*Your objective*.
Reproduce the following data exactly, minus any images.

*Data*.
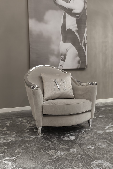 Chair La Perla, the Italian manufacturer Mantelassi. the frame is made of wood. Upholstery - textiles from the company portfolio. Colors - beige. Back smoothly into the armrests. The design is complemented by a decorative pillow.
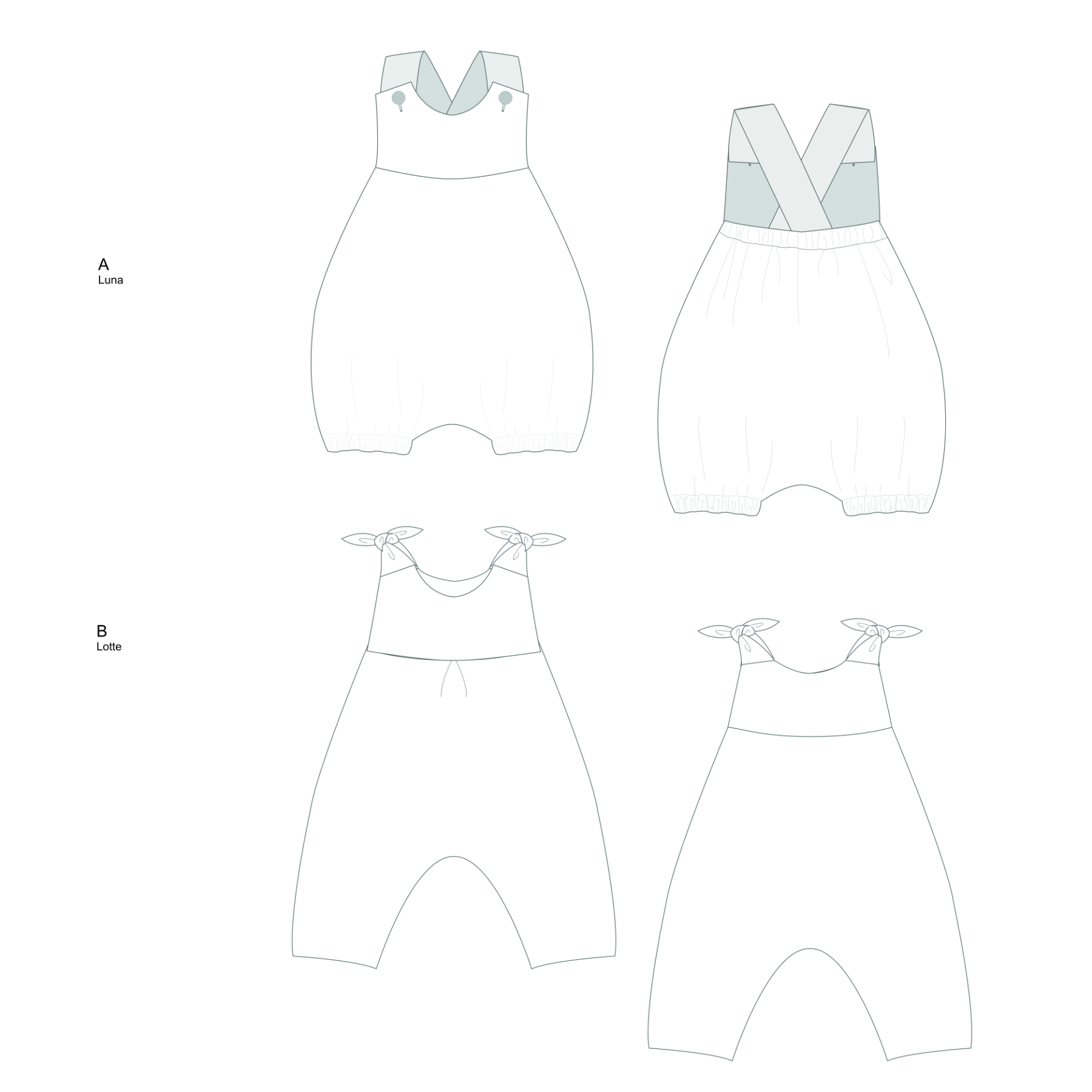 LUNA Baby Romper Sewing Pattern – Pinafore with Straps and Button Closure – Overall Design – Baby Clothes & Outfit PDF
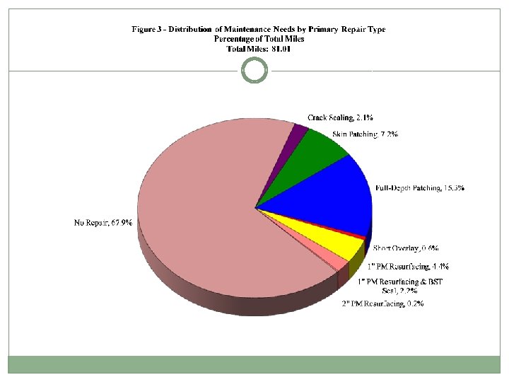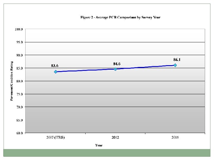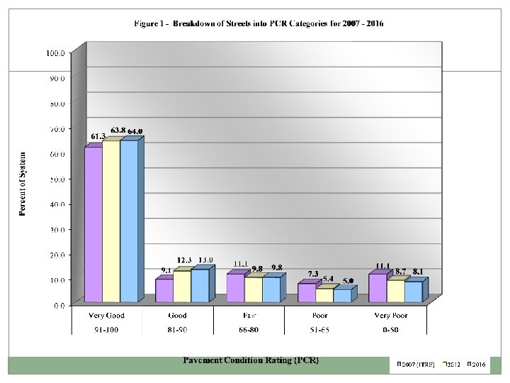 Findings 1. PCR = 86. 1 2. NC Municipality Average = 80. 0 3. Street System is in “Good” condition 4. PCR is above average 5. 32. 1% of street system needs maintenance or resurfacing 6. NC Municipality Average = 47%

*Exercise answer*.
 Chair La Perla, the Italian manufacturer Mantelassi. the frame is made of wood. Upholstery - textiles from the company portfolio. Colors - beige. Back smoothly into the armrests. The design is complemented by a decorative pillow.
 LUNA Baby Romper Sewing Pattern – Pinafore with Straps and Button Closure – Overall Design – Baby Clothes & Outfit PDF
 Findings 1. PCR = 86. 1 2. NC Municipality Average = 80. 0 3. Street System is in “Good” condition 4. PCR is above average 5. 32. 1% of street system needs maintenance or resurfacing 6. NC Municipality Average = 47%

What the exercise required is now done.